Tuesday, July 14, 2009

Priced Out Of the Market?

A man I know at the day job emailed me a link. The essay is well worth a read. Here's an excerpt:
The sticking point with all these countries is the US ability to print unlimited amounts of dollars. Overspending by US consumers on imports in excess of exports, US buy-outs of foreign companies and real estate, and the dollars that the Pentagon spends abroad all end up in foreign central banks.
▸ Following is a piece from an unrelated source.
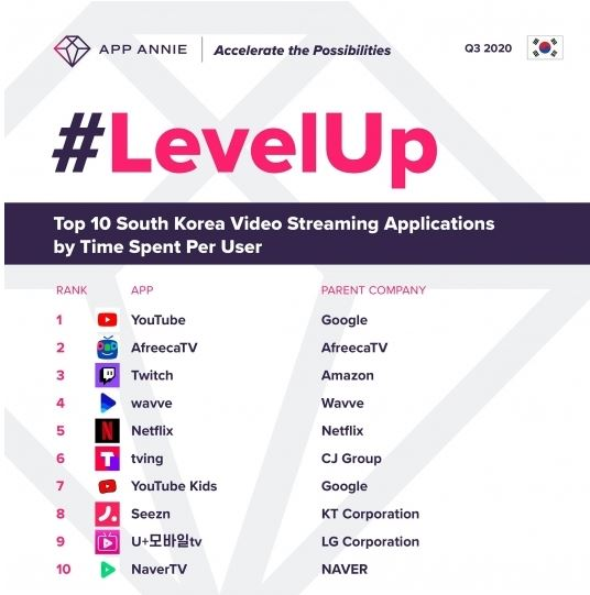 그런데 아래 표를 보자. 2020년 11월에 발표 자료다. 모바일 데이터 분석 플랫폼 앱애니에 따르면, 상위 10개 앱의 사용자당 평균 이용 시간 순위 중 웨이브가 넷플릭스보다 1단계 높은 4위를 차지했다. 이 자료를 토대로, 국내 토종 OTT들의 영향력이 낮지 않음을 반증하는 기사가 쏟아졌다.

These agencies then face a hard choice: either to recycle these dollars back to the United States by purchasing US Treasury bills, or to let the "free market" force up their currency relative to the dollar - thereby pricing their exports out of world markets and hence creating domestic unemployment and business insolvency.

When China and other countries recycle their dollar inflows by buying US Treasury bills to "invest" in the United States, this buildup is not really voluntary. It does not reflect faith in the U.S. economy enriching foreign central banks for their savings, or any calculated investment preference, but simply a lack of alternatives. "Free markets" US-style hook countries into a system that forces them to accept dollars without limit. Now they want out.
This is the part that I have trouble wrapping my head around. If I'm a Chinese manufacturer, why do I sell my goods to anyone in exchange for US Federal Reserve Notes, when I can plainly see that they're useful primarily as toilet paper, based as they are solely on the "full faith and credit" of a collection of political whores who lie for their living? Sure, the US is a big market ... but it's a big BROKE market. Why wouldn't I tell the corporate successors of ol' Grampaw Sam Walton: Sure, I'll sell you my "China Steel Garden Shovel." As many shovels as you want. The unit price is 75 renminbi, with a ten percent discount for volumes of over 100,000. Oh, you don't have any renminbi? Go to the currency brokers and buy some.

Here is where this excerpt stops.